Don't Wait Up
it's cold out and it's raining
and my joints are all complaining
i'd murder for a simple cup of tea
i've been walking for a while
and i can't help myself but smile
when i think about you waiting up for me
the battery's low on my cellular phone
so 'though i promised to call you i don't
i'd rather catch my death of cold
than go home with you to grow quietly old
i'll do all my walking alone
i'd rather have these rainy streets
than anything that you've got for me
so don't wait up baby
you need your sleep
the cold has cut me to the quick
my hands are raw the streets are slick
there's a certain kind of tension in the trees
the wind is howling at the moon
so i'll find myself a saloon
and a stranger who is willing to listen to me
now my phone's out of range
and i'm fresh out change
so though i promised to call you i don't
i'd rather bend a stranger's ear
than suffocate in your atmosphere
i'd rather have these rainy streets
than anything that you've got for me
so don't wait up baby
you need your sleep
i found myself inside a little cafe
where there were old men playing chess
to while the hours away
i ordered up a slice of blueberry pie
put my feet up on a chair and left my coat in a pile
and i said, "this'll do fine"
it's cozy in this dark café
and i would dearly love to stay
but it's midnight
and the waitress is falling asleep
so i grab my coat
pay for my pie
incline my head to say goodbye
and the pavement rises up
to meet my feet
I remember when Tom Waits came into my life. It was my eighteenth birthday and my first semester at Queen's. While everyone else was making friends and getting into the university experience, I was holding that whole business at arm's length. I lived on West Campus - still pretty close to the uni buildings, but not in the thick of it. I had my own dorm room with no roommate, I was playing in an R&B band as my part-time job (what up Soul Survivors!) and I was dating a dude in his 30s. My life didn't have the typical "hey I am 17 and I just moved out" feel to it. I spent a lot of time working in bars I was technically not old enough to be in and hanging out with folks more than a decade my senior. I guess I thought all this made me look cool. Maybe it did make me look cool? I was learning how to smoke more than two cigarettes a night and wear high heels. I was learning how to act nonchalant about sex, and to not seem afraid of driving on the 401. I was getting the hang of Young Adult.

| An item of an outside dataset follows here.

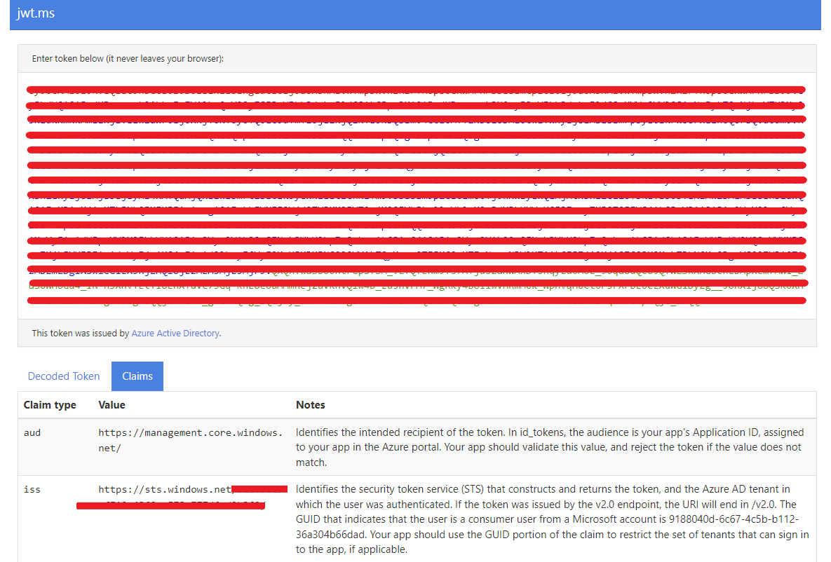 Now the Access token is quite a long string and since it has been encoded you can't see the Issuer and Audience in it. But luckily we can decode it with sites likes jwt.ms. If you paste your Access token on the site, it will decode it and show you the detailed information. Here you can also see if the Issuer needs to be https://sts.windows.net/ or https://login.microsoftonline.com/ for your Logic App Policy.

When my birthday rolled around that year, I was dating aforementioned Dude in His 30s. We hadn't been together very long, so I wasn't expecting any kind of gift, but he surprised me with a copy of Real Gone. Has any other gift had that much of an impact on the direction of my life? Well, it's hard to say. But without Tom Waits' influence - with his grit and melancholy and demented carnival style - I definitely would not write music in the way I do now. I have spent hours lying on the floor weeping - weeping!!! - at the knowledge that I may never write anything quite as perfect as "Grapefruit Moon." Or "Tom Traubert's Blues." Ugh, his music hurts me in such a beautiful way. Thank you, thank you Dude in His 30s. You can't possibly know how vital that gift was.
So, Tom Waits. I have a tendency to listen to certain songs on repeat, over and over and over until they're etched into my brain, and "Please Call Me Baby" was one of those. Here are the lyrics of the chorus:
Please call me baby, wherever you are
It's too cold to be out walking in the streets
We do crazy things when we're wounded
Everyone's a bit insane
I don't want you catching your death of cold
Out walking in the rain
During my initial flurry of songwriting in that rainy October of 2010, I decided to write a song in a bluesy style as a kind of response to "Please Call Me, Baby." Except the narrator is not interested in going home, nor is she repentant all. "Don't wait up, baby," she says, all sass and getting pie without her boyfriend. If I found out that Julien went and got pie without me? Well... It would be a lot worse for him than being out walking in the rain, let me tell you. At that time, not sharing dessert was maybe the worst relationship transgression I could think of. I guess that just goes to show how good I really have it.
This is my dad's favourite of all my tunes - it's the best to watch him raising his glass to the ceiling and singing along. Makes me feel like I made something good, even if he is biased in my favour.